*** Begin section ***

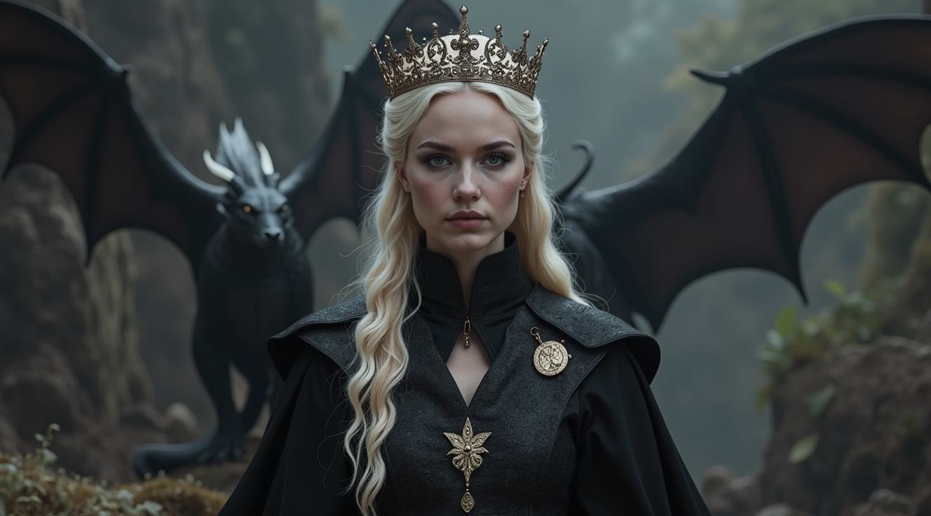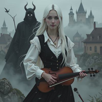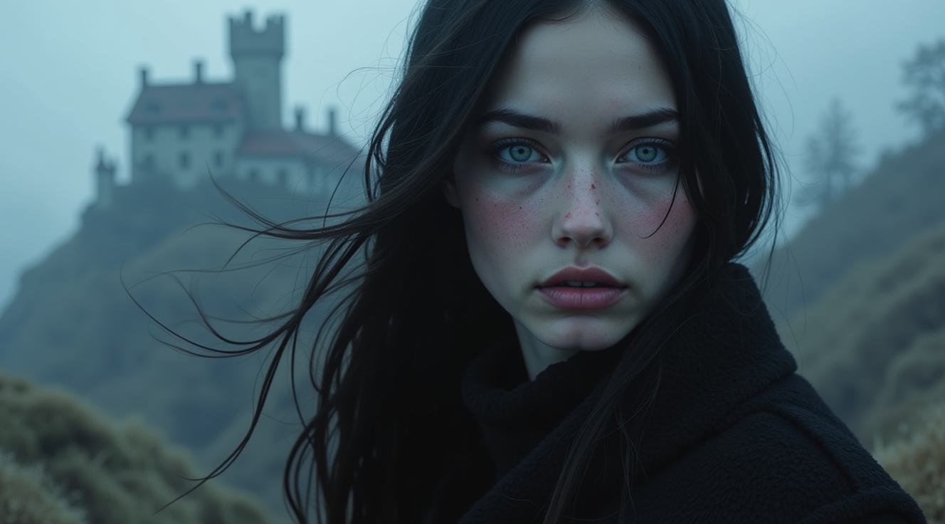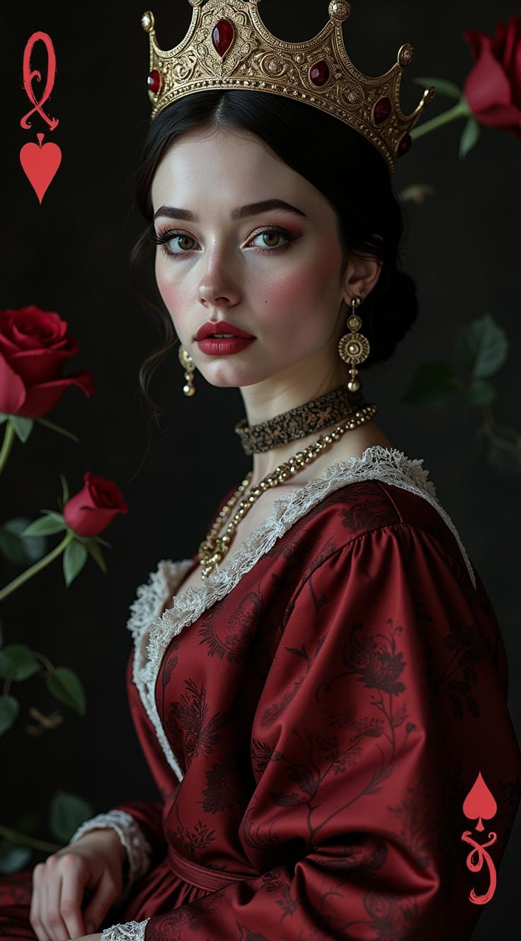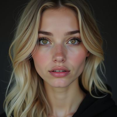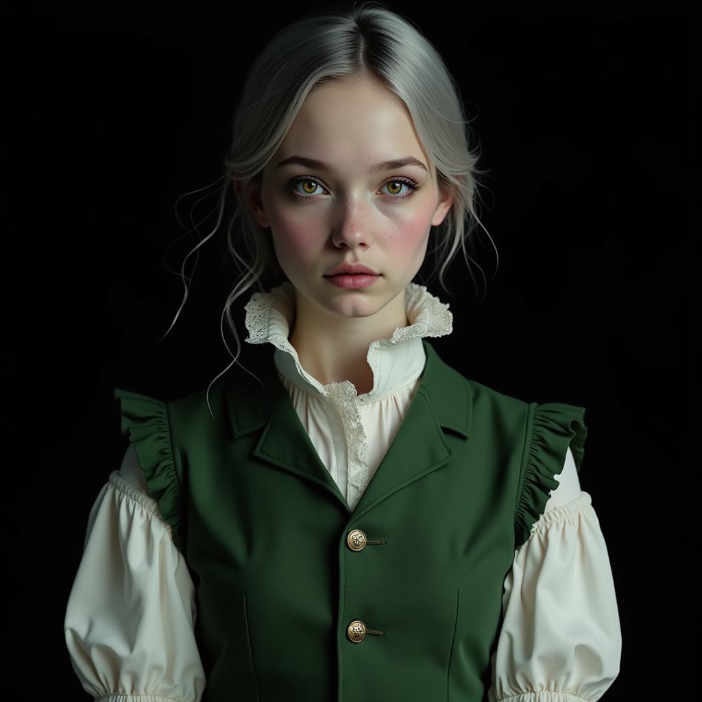 На изображении представлена девушка с блондинистыми волосами, которые слегка волнистые и обрамляют её лицо. У неё светлая кожа и выразительные глаза с длинными ресницами. Губы девушки окрашены в нежный розовый оттенок, что придаёт её образу мягкость и естественность. золотистыми глазами. Она одета в костюм, напоминающий средневековый или ренессансный стиль, с бордовым жилетом и чёрной блузкой с кружевными манжетами. Фон темный, что подчеркивает яркость ее образа.
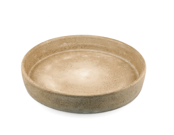 Apvalus, dekoratyvinis indas, natūralaus molio atspalvio.
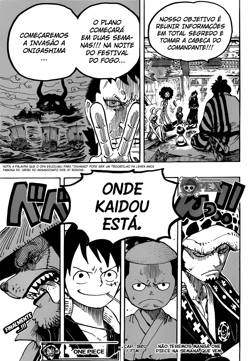 Boa leitura do mangá One Piece – Capítulo 920 , Não se esqueça de curtir e compartilhar. O Mangá One Piece é sempre atualizado no Pizzaria Scan. Não deixe de conferir também outras atualizações de mangá. A lista completa de mangás do Pizzaria Scan está no menu..
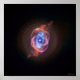 Esta imagem mostra uma nebulosa planetária conhecida como NGC 6543, ou o olho do gato. Nessa imagem, raios X de Chandra (roxo) são causados por ondas de choque à medida que ventos da estrela moribunda colidem com sua atmosfera ejetada. Os raios X foram combinados nesta imagem com dados ópticos do Hubble (vermelho, verde e azul). | Smithsonian e Smithsonian são marcas registradas detidas pela Smithsonian Institution.
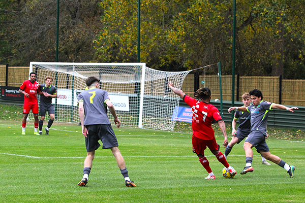 The Woods finally forged an attack on goal after 37 minutes when Jon-Jo Bates latched onto a header from Dan Williams and jinked into the area, shrugging off a couple of challenges before seeing a left-footed strike parried by Way. Beating the ‘keeper to the loose ball he knocked it back across goal but the danger was cleared.

*** End section ***

The reply should hold only the lines from the first line of the records above through the line containing "Apvalus, dekoratyvinis indas, natūralaus", copied exactly and without pictures.

- RESPONSE -
 На изображении представлена девушка с блондинистыми волосами, которые слегка волнистые и обрамляют её лицо. У неё светлая кожа и выразительные глаза с длинными ресницами. Губы девушки окрашены в нежный розовый оттенок, что придаёт её образу мягкость и естественность. золотистыми глазами. Она одета в костюм, напоминающий средневековый или ренессансный стиль, с бордовым жилетом и чёрной блузкой с кружевными манжетами. Фон темный, что подчеркивает яркость ее образа.
 Apvalus, dekoratyvinis indas, natūralaus molio atspalvio.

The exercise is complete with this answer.